II. Combining Light Therapies

To promote user compliance with BLT over the long term, Applicant discloses herein approaches for synergistically combining BLT with other light therapies. Such synergistic combinations include combining BLT with (1) circadian cycle light therapy, (2) non-circadian light stimulation, and (3) neuropsin stimulation.


(1) Circadian Cycle Light Therapy

Aside from degradation of gamma waves in the brain, the destruction of circadian rhythms may also contribute to AD. In approximately 45% of Alzheimer's patients, circadian rhythm problems and sleep disruptions have been recorded, where a bidirectional association between sleep and Alzheimer's disease is suggested, with sleep abnormalities serving as either a marker for AD pathology or a mechanism mediating increased risk of the disease. Therefore, in one embodiment, in addition to stimulating gamma brainwaves, regulating the circadian cycle of AD patients may also be useful. (It should be understood, however, that the gamma entrainment function and the circadian rhythm moderation function of the present system may be used to treat others, outside of AD patients.)


Applicant recognizes that it is possible to alter both circadian rhythms and brainwave activity using light entering the eye. Further, it is possible to do both at the same time without one compromising the other. As a simple example, flickering blue light maybe used during the portion of the circadian cycle when circadian input is desirable (‘day’) and flickering red light may be used when circadian input should be avoided (‘night’).


In one embodiment, the BTL and circadian cycle light therapy are coordinated. For example, in one embodiment, during “day,” a high circadian stimulation light may be used while the BLT may target gamma waves. Such an embodiment would have the effect of stimulating the patient. In another embodiment, during “night,” a low circadian stimulation light may be used, while the BLT targets theta waves. Such an embodiment would have the effect of relaxing the patient. Still other combinations of circadian stimulation light and BLT will be obvious to those of skill he art in light of this disclosure.

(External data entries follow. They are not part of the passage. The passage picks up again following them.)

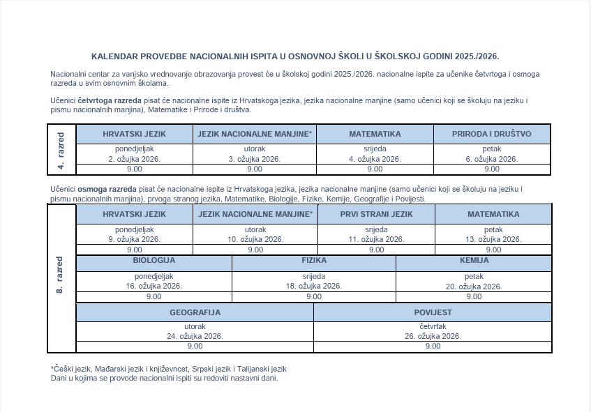 Nacionalni ispiti započinju 9. ožujka 2026. (ponedjeljak) u 9:00 sati ispitom iz Hrvatskoga jezika.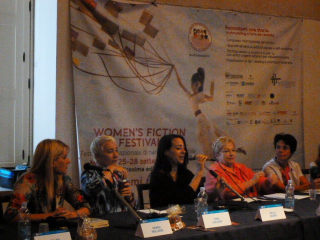 Another article of mine on Impakter magazine, an interview of best-selling author Elizabeth Jennings who also founded the Women's Fiction Festival in Matera eleven years ago. I attended this year's Festival and had a chance to interview her - she is married to an Italian and lives in Matera (see photo below, she is presiding one of the discussion panels, surrounded by writers, from left, self-pubbed American authors Debra Holland, Tina Folsom and Bella André).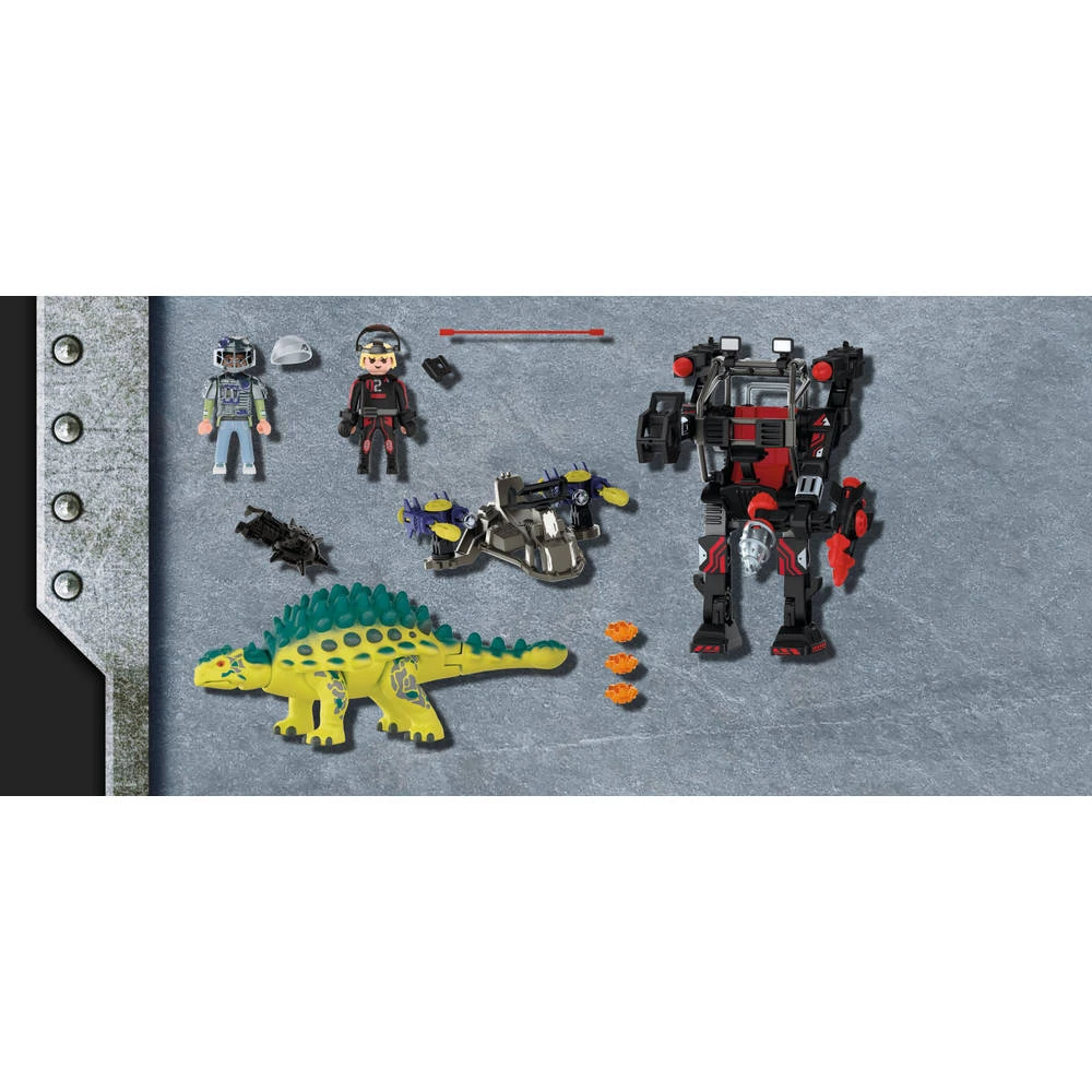 De Playmobil Dino Rise Saichania is uitgerust met afvurende kanonnen en verwijderbare bepantsering. Het figuur kan erop rijden. PLAYMOBIL-nr. 70626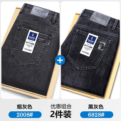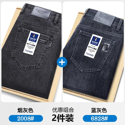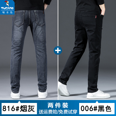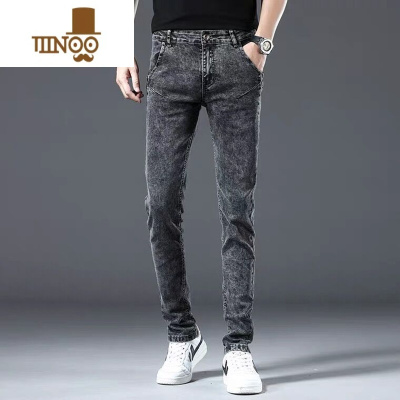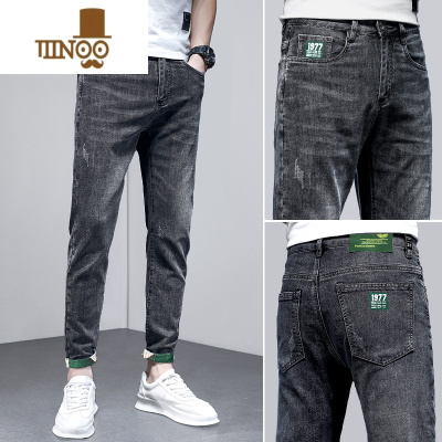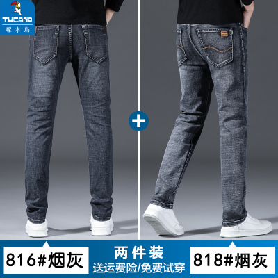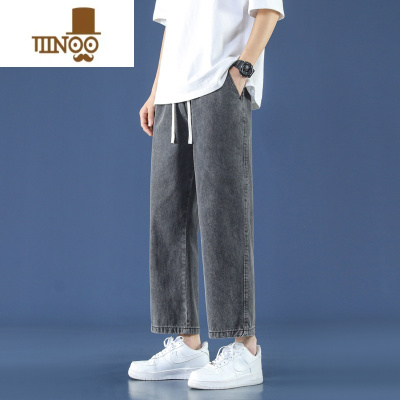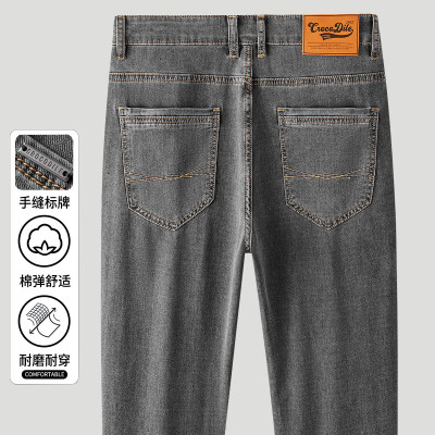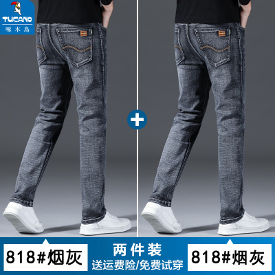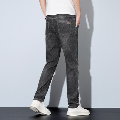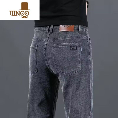 啄木鸟夏季薄款牛仔裤男潮牌宽松直筒弹力烟灰色休闲修身耐磨长裤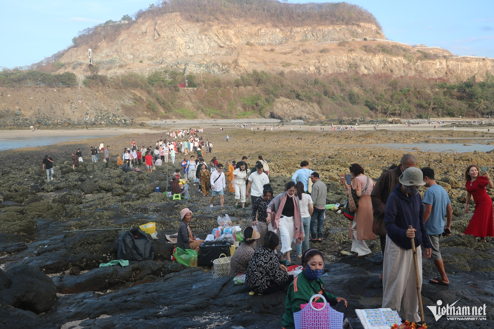 Ghi nhận của PV VietNamNet, thời điểm thủy triều rút, con đường đá dẫn ra miếu giữa biển lộ rõ. Từ khoảng 4-5h, dòng người đã men theo lối đi tự nhiên này để ra miếu làm lễ. Không cố định về thời gian mà tùy theo con nước, nước biển sẽ rút vào buổi sáng sớm, buổi chiều hoặc buổi đêm.
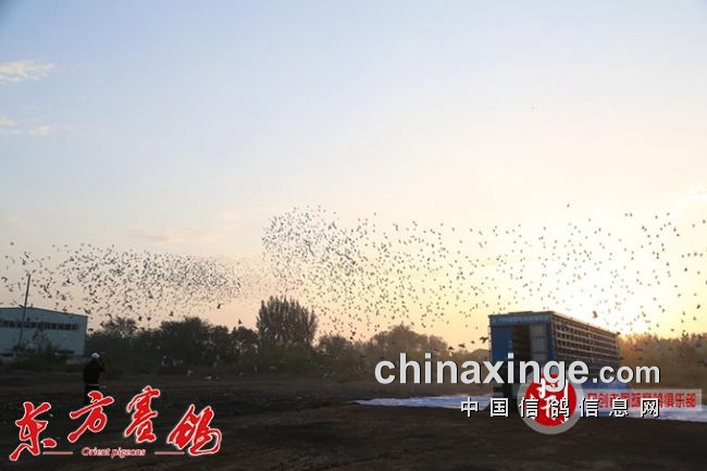 东部赛区:赛鸽向远方飞去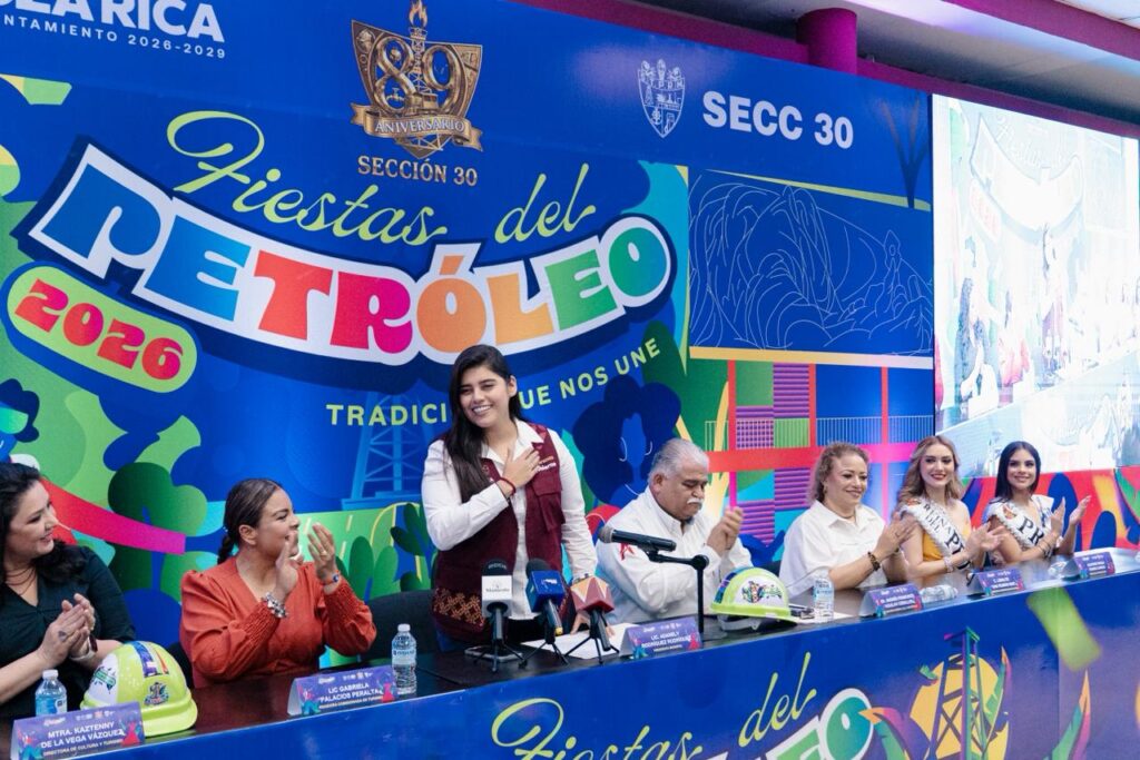 Poza Rica, Ver.- La Presidenta Municipal Adanely Rodríguez encabezó la presentación oficial de las Fiestas del Petróleo 2026, destacando que esta celebración representan identidad y el esfuerzo colectivo que dan origen a Poza Rica, así mismo la renovación de los lazos institucionales con la Sección 30 del Sindicato Petrolero y con Petróleos Mexicanos, pilares en el desarrollo histórico, económico y social del municipio.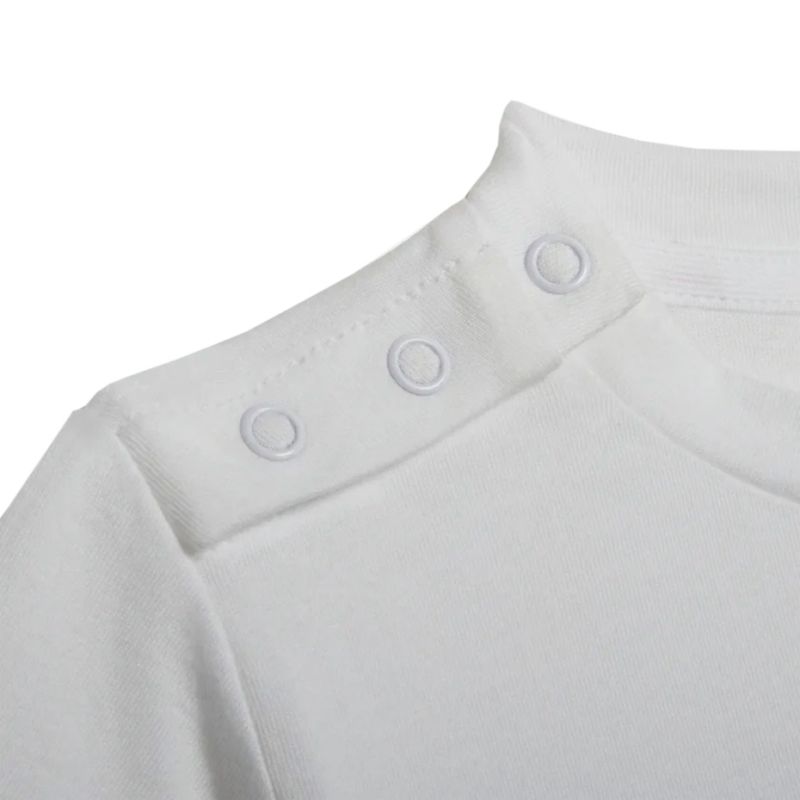 - Featuring snaps on the shoulders for easy dressing, this T-shirt is made entirely of breathable cotton. Its classic cut allows for unrestricted movement.
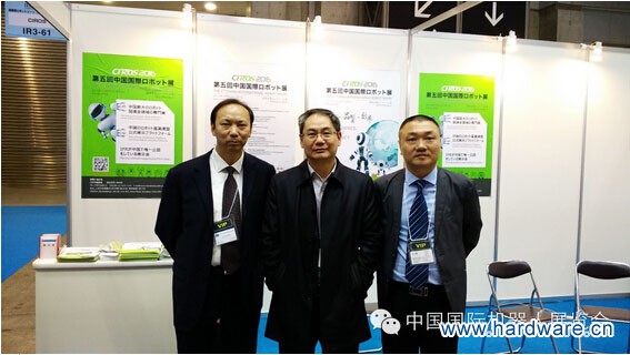 图左起:中国机械工业联合会执行副会长中国机器人产业联盟执行理事长兼秘书长宋晓刚先生、中国机器人产业联盟理事长曲道奎博士、中国机械工业联合会展览工作部副主任中国机器人产业联盟副秘书长陈家良先生在日本国际机器人展现场的CIROS中国国际机器人展览会展位合影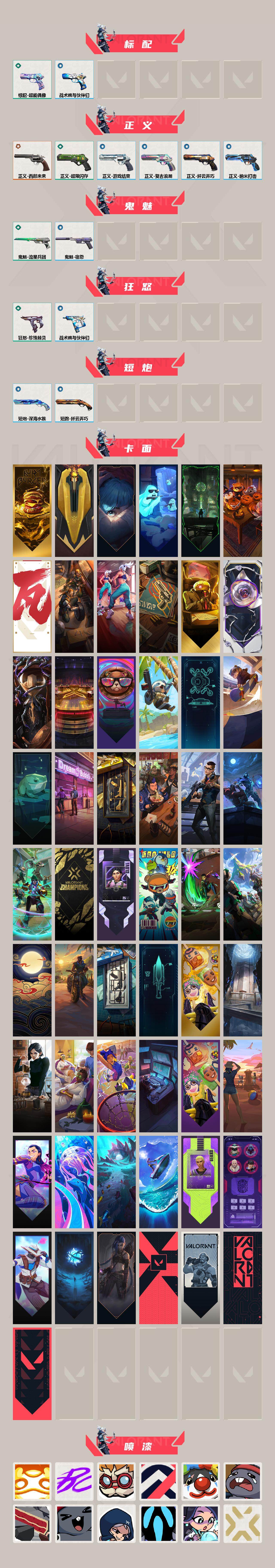 【卡面】:终章:激斗汉堡 卡面,进入射程 卡面,《双城之战》拥抱 卡面,精灵大战 卡面,欢迎来到底城 卡面,南瓜盛典 卡面,VCT CN首冠 卡面,修车达人 卡面,热舞环节 卡面,正义的化身 卡面,终章:生意人麦宝 卡面,铁之华 卡面,时间到 卡面,最高舞台 卡面,音熊登场 卡面,树懒大作战 卡面,声感陷阱设计图 卡面,Clutch 卡面,霓帧牛蛙 卡面,梦幻奶茶 卡面,终章:打造专属狂徒 卡面,趁热吃 卡面,西装暴徒 卡面,失控边缘 卡面,哨卫者之领域 卡面,艺无止境//全球冠军赛 卡面,暮蝶工牌 卡面,战术熊与伙伴们 卡面,源能反应 卡面,流星兵团 卡面,纤云弄巧 卡面,暂别喧嚣 卡面,打造专属狂徒 卡面,零点嗅探设计图 卡面,终章:瓦娃脸雪糕 卡面,表象之下 卡面,虹吸式咖啡壶 卡面,源能者美容 卡面,脚踝终结者 卡面 ,夜班 卡面,瓦娃脸雪糕 卡面 ,沙雕爆能器 卡面,无畏契约GO!第一卷:芮娜 卡面,深海水族 卡面,珍珠棘贝 卡面,复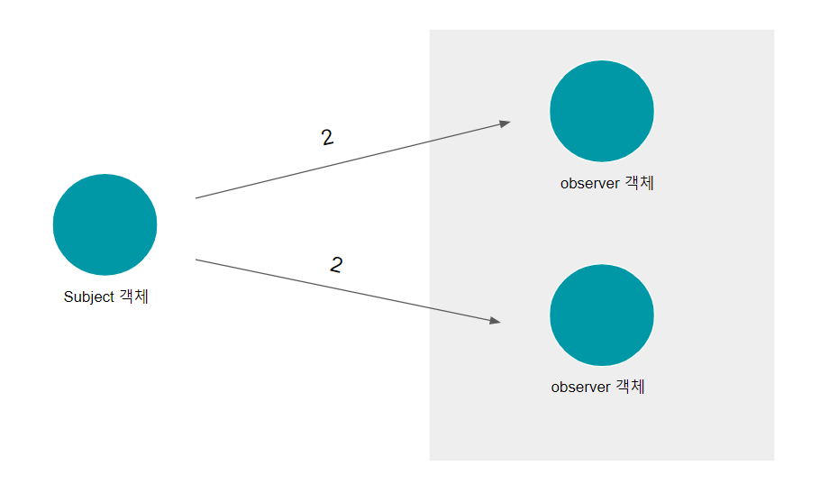 - 주제(Subject)객체의 데이터가 달라지면 옵저버한테 2가 전달된다.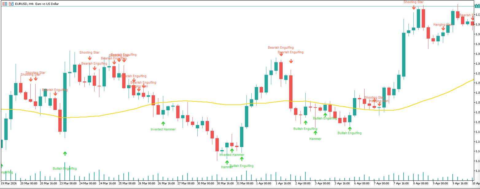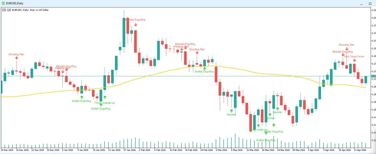 Candlestick Patterns Standard helps you quickly see where an important candlestick setup has appeared. You do not need to manually inspect every candle or remember all pattern conditions — the indicator does the detection automatically.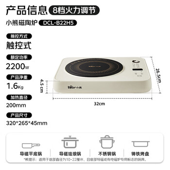 小熊(Bear)家用电磁炉电池炉2200W大功率猛火爆炒炒菜智能触控防水面板8档火力纤薄电磁灶火锅炉DCL-B22H5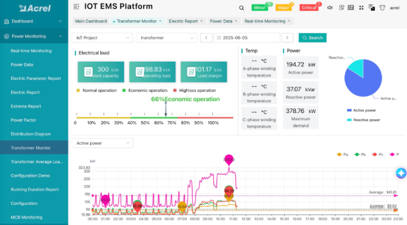 2. Amharcléiriú oibríocht claochladáin: Déanann an t-ardán monatóireacht leanúnach ar pharaiméadair ríthábhachtacha (reatha, voltas, fachtóir cumhachta, etc.), ag cinntiú go n-oibríonn claochladáin laistigh de theorainneacha ualaigh sábháilte agus go laghdaítear an baol ró-ualaithe agus damáiste.
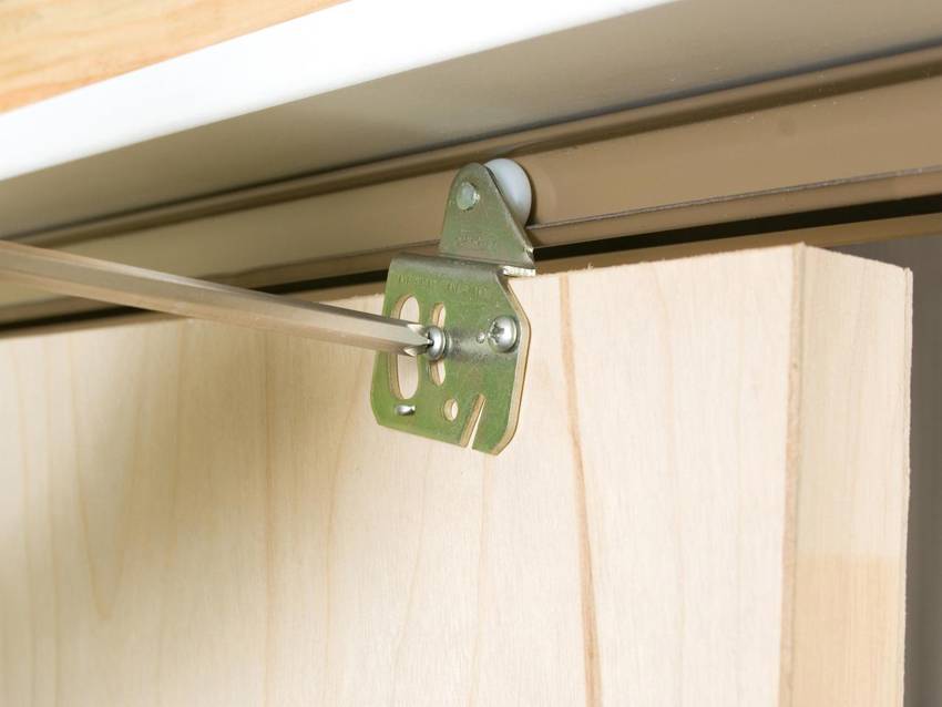 Удобство одной направляющей рельсы в том, что не будет вечно мешающего порога. С другой стороны, нагрузка на нее значительно повысится, а значит и износ будет больше. Также можно расположить одну сверху, а другую снизу. Этот вариант куда лучше, но устанавливается такая дверь сложнее и дольше. Постоянное использование приводит к повышенному износу, поэтому крепиться рельсы должны на шурупы. Также из крепежных изделий используется дюбель и кронштейн (последний нужно выбирать именно для такого типа дверей). Сам процесс может показаться незамысловатым, но важно внимательно следить, чтобы направляющие всегда оставались в ровном положении: иначе придется все переделывать заново. Подробнее о видах креплений написано ниже. Далее нужно установить каретки. Они включают в себя ролики и скобу. Последнюю нужно убрать. Затем роликовый механизм вставляют внутрь рельс. Перед тем, как повесить полотно, обязательно прикрепите к нему все необходимые и желаемые элементы. В ином случае вам попросту будет неудобно. Затем можно наконец прикрепить сами полотна. Все, что нужно сделать – скрепить части каретки между собой. Особенности данной процедуры могут различаться в зависимости от модели. Как правило, инструкцию можно найти в упаковке или на сайте производителя. Учитывайте, что закрепить створки в одиночку весьма проблематично: лучше найти того, кто поможет зафиксировать полотно.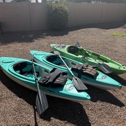 2 Pelican Trailblazer 100 Kayaks And 1 Sun Dolphin Bali 10 ss Kayak $300Chandler, AZ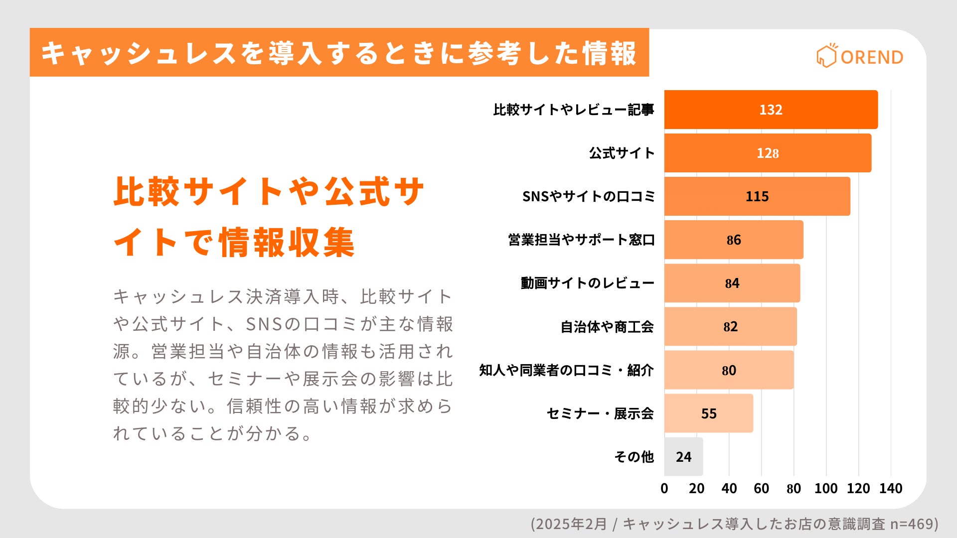 キャッシュレス決済を導入するにあたり、情報収集の手法としては28.2%が比較サイトやレビューを利用し、27.3%が公式サイトの情報を参照したと述べています。

Accordingly, in one embodiment, the system of the present invention is designed to support both circadian rhythms and BLT. For entrainment purposes, in one embodiment, it features a steady state light combined with a pulsing light. The combination of steady light with pulsing light is intended to improve the usability of the system. As mentioned above, a flickering light can be aversive, but with the addition of a continuously emitting light source, the oscillating effect of a light can be muted. It is important that any light therapy system be non-obtrusive. Preferably the light should even induce patients to look at it. AD patients can be difficult to treat because they do not understand what is happening. It is therefore important that any intervention be sufficiently acceptable that they do not try to avoid or stop it. This is a common problem with goggle-type interventions.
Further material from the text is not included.